Performed when YYTABLE does not specify something else to do. Zero
means the default is an error. */
static const yytype_uint8 yydefact[] =
{
0, 2, 0, 1
};
在STATE-NUM状态下,通过YYDEFACT[STATE-NUM]获取其对应的产生式序号。
其中,0
号表示error。由于默认($accept → L $end)
rule(其rule number为1)的存在,我们定义的所有rule索引都会增加1。即我们定义的第一个rule S: '\n' ;
, 其rule number在此处为2。
yydefgoto是GOTO跳转表的压缩形式。它的元素数量为语法中非终结符的数量。元素的值表示每个非终结符要跳转的state
/* YYDEFGOTO[NTERM-NUM]. */
static const yytype_int8 yydefgoto[] =
{
-1, 2
};
其规则为
yydefgoto[nth non-terminal] = most common GOTO state for the nth non-terminal.
索引方式为rule number减去非终结符的数目
/* yyn is the number of a rule to reduce with. */
yystate = yydefgoto[yyn - YYNTOKENS];
parser在用rule归约栈上内容的时候会查询yydefgoto,但在某些状态下会使用yytable表。
第一个非终结符$accept
的rule为-1(即yydefgoto[0]),$accept
不会被归约。
yyr1是每个rule左部的symbol number。

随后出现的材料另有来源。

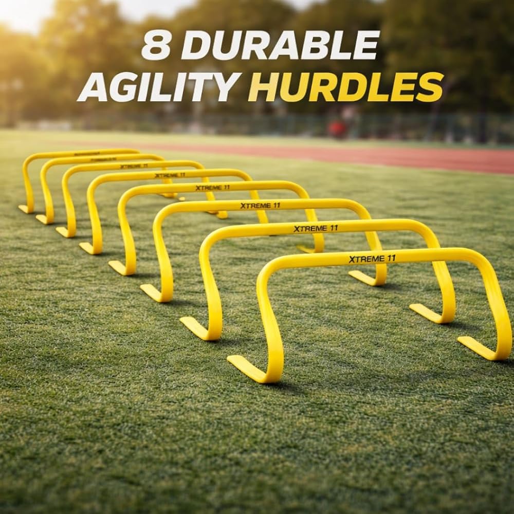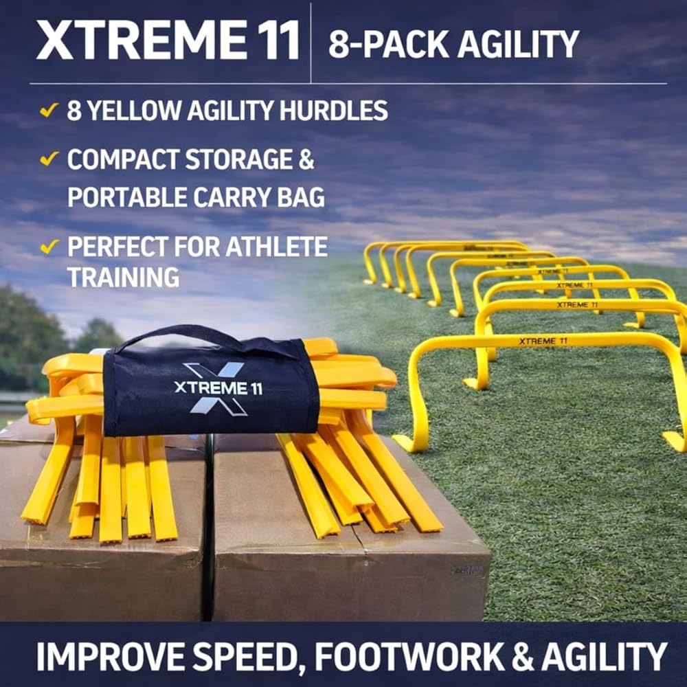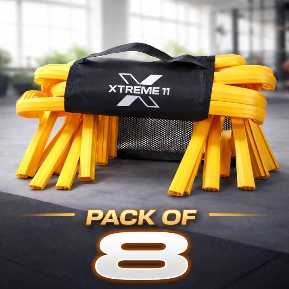 بناء سرعة ورشاقة متفجرة - عبوة من 8 حواجز ارتفاع 5.9 بوصة متعددة الاستخدامات للاستخدام في تدريبات السرعة والرشاقة؛ يمكن إعدادها في تكوينات ومسافات مختلفة لتلبية الاحتياجات المحددة ومستويات المهارة للرياضيين

0号不作为rule,其共有NRULES+1个元素
/* YYR1[YYN] -- Symbol number of symbol that rule YYN derives. */
static const yytype_uint8 yyr1[] =
{
0, 4, 5
};
通过yyr1,在归约发生的时候,我们可以知道这个归约式左部的symbol并转移到对应状态。
yyr2表示每个rule右部的symbol数量
/* YYR2[YYN] -- Number of symbols on the right hand side of rule YYN. */
static const yytype_uint8 yyr2[] =
{
0, 2, 1
};
例如rule2的S: '\n'
右侧有1个symbol,因此yyr2[2]=1。在归约的时候,通过这个表中查找在对应的rule下,我们要从栈中pop出多少state来作为归约。
yytable和yycheck, yypact, yypgoto 配合来表示当前的状态是应该放入parse stack中还是符合rule来进行归约。
#define YYTABLE_NINF -1
/* YYTABLE[YYPACT[STATE-NUM]] -- What to do in state STATE-NUM. If
positive, shift that token. If negative, reduce the rule whose
number is the opposite. If YYTABLE_NINF, syntax error. */
static const yytype_uint8 yytable[] =
{
1, 3
};
正数表示移入。负数表示归约,(其绝对值表示归约产生式的rule值,即如果为-3,则表示使用rule3来归约栈上的符号)。
YYTABLE_NINF用来表示我们在产生式中指定error情况下的状态。
If the value in YYTABLE is positive, we shift the token and go to that state. If the value is negative, it is minus a rule number to reduce by. If the value is YYTABLE_NINF, it's a syntax error.
因为同一个非终结符,根据之前状态的不同,其跳转的状态也是不同的。公用的GOTO表定义在前文提到的YYDEFGOTO
中。那么对于存在不同情况的GOTO情况,则由yypgoto记录。
/* YYPGOTO[NTERM-NUM]. */
static const yytype_int8 yypgoto[] =
{
-4, -4
};
这个表的索引对应着所有的非终结符,此处的两个元素分别是$accept
,S
的入口
比如现在在rule2 (S -> '\n'
)归约后,栈顶的状态为4,parser会将yypgoto[S]的值(此处yypgoto[1]=-4)加上原先的状态值作为现在的状态索引,去yytable找到新的状态值,即此时状态索引为0 (4-4), 那么yytable[0]为1,那么现在的状态就是1,被压入状态栈顶。
那么parser怎么知道是选择yypgoto还是yydefgoto来设置接下来的状态呢?答案在接下来会将的yycheck
中,即通过yycheck
来选择对应的模式(yypgoto或yydefgoto)
yypact定义了在S状态(初始状态)下的部分yytable。它由token标号来索引。
#define YYPACT_NINF -4
/* YYPACT[STATE-NUM] -- Index in YYTABLE of the portion describing
STATE-NUM. */
static const yytype_int8 yypact[] =
{
-3, -4, 1, -4
};
在parse循环的开始时,如果yypact[cur-state] = YYPACT_NINF, 意味着使用yydefact来归约。也即在这种状态下,只有归约没有移入的操作。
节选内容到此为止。